Kubernetes Service Meshes – Cilium

Cilium as a Kubernetes Service Mesh: how to install, and how to get some insights out of it.

, Novatec Team

This is one in a small series of blog posts about Kubernetes Service Meshes, please check there for reference. While the previous post started out by introducing the general picture and the basic concepts, here I will deal with a specific implementation and its respective details.

Much of the contents presented here will be covered in more detail as part of the Novatec training “Docker und Kubernetes in der Praxis”. And of course all shown technologies have more features than merely those presented here, where I will only provide a glimpse into them.

eBPF

I’ll first briefly talk about eBPF, a technology utilized by Cilium, as that is the differentiating factor when compared to classical Service Meshes as I will further show below.

eBPF overview
https://creativecommons.org/licenses/by/4.0/Quelle: https://ebpf.io/what-is-ebpf/

The extended Berkeley Packet Filter (eBPF) allows one to load and run custom programs sandboxed with the Linux Kernel to extend or modify the way the kernel behaves, and it is thus ideally suited to dynamically implement observability, security, and networking functionality. Which is just what a Service Mesh strives to do, incidentally.

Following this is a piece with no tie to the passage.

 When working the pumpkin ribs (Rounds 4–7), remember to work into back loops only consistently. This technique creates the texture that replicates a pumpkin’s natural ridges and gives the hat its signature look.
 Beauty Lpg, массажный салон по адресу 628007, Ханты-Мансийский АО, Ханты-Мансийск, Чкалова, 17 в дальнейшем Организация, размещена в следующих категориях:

However, implementing all these on the kernel level saves the user the overhead of plugging Service Mesh functionality individually into their workloads, allowing for a smoother and more encompassing user experience. And thanks to eBPF this implementation can be achieved on the fly, without the need to load additional kernel modules or rewrite the kernel itself, speeding up the implementation.

But of course this interface to the kernel has its limitations concerning the complexity and size of these custom programs to add to the kernel, so while eBPF provides the groundwork to affect the kernel, additional user-space components will be needed to handle further functionality.

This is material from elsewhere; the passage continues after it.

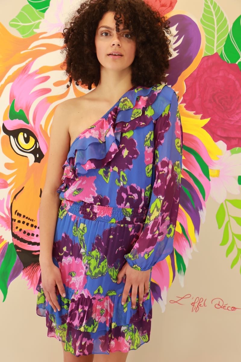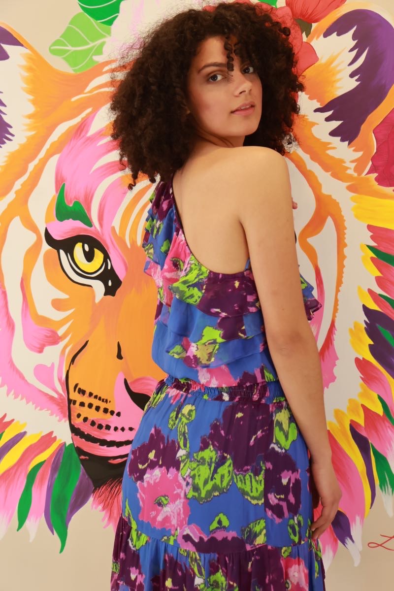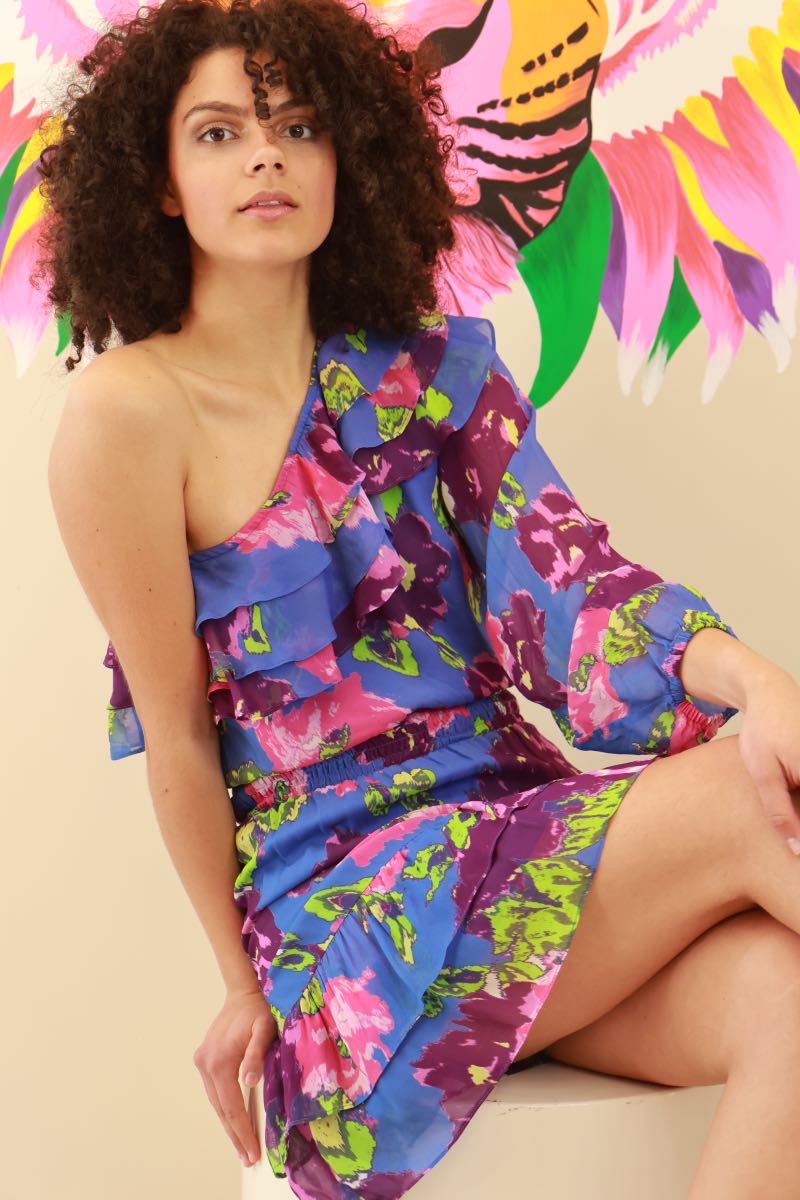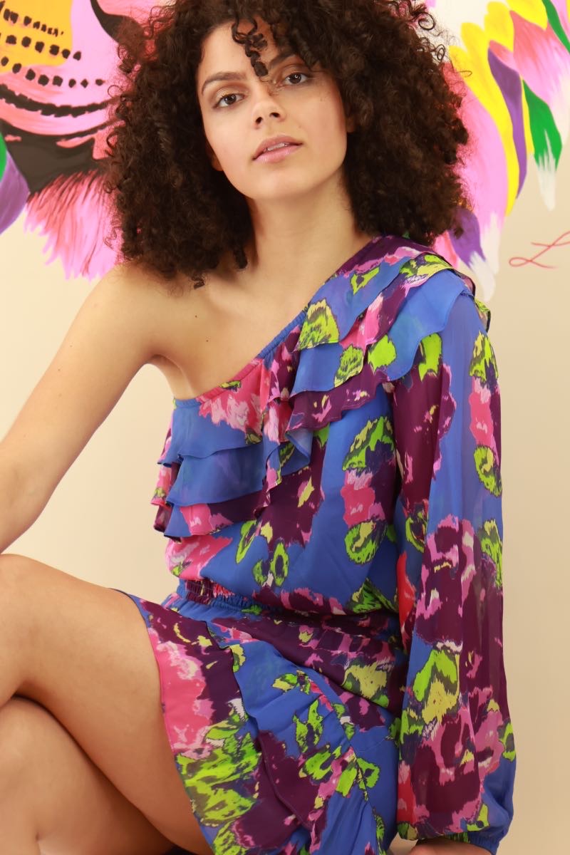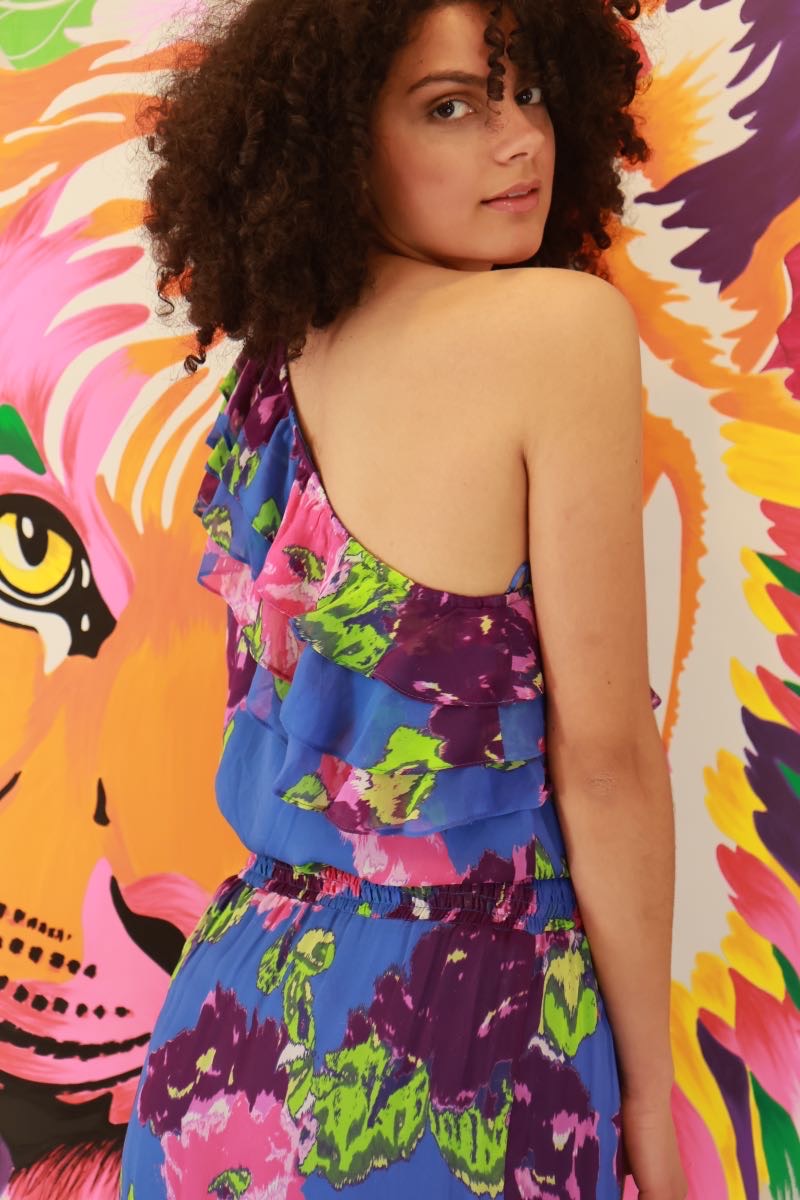 Une pièce forte qui ne laisse personne indifférent ! Cette blouse Alix The Label réinvente l’élégance avec son design asymétrique, son épaule dénudée et ses jolis volants. L’imprimé floral ultra coloré (fuchsia, violet, bleu intense, vert citron) booste instantanément n’importe quel look.

Further information about eBPF can also be found in “What is eBPF?” by Liz Rice of Isovalent.

Cilium

Cilium is fully open source, licensed under Apache License 2.0, and is a Cloud Native Computing Foundation incubating project.

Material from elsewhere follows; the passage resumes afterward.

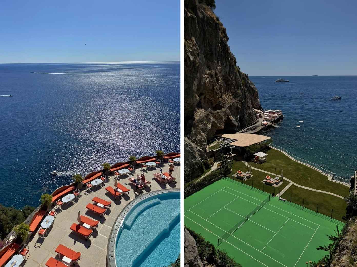 And the pool is rarely the whole story, many of these hotels come with private beach clubs accessible only by glass lifts carved into the cliff, private sandy beaches that are virtually impossible to find anywhere else on the coast, and legendary seaside tennis courts where the sound of waves replaces the roar of a crowd.

Using eBPF as a foundation, Cilium provides both a Container Network Interface (CNI) to be plugged into a Kubernetes cluster, and now also a Service Mesh implementation with user space components interacting with the kernel via eBPF programs. This allows integrating workloads into a Service Mesh without the need for adding sidecar proxies, and thus enables a sidecar-less model.

In addition there is Hubble – a fully distributed networking and security observability platform built on top of Cilium and eBPF.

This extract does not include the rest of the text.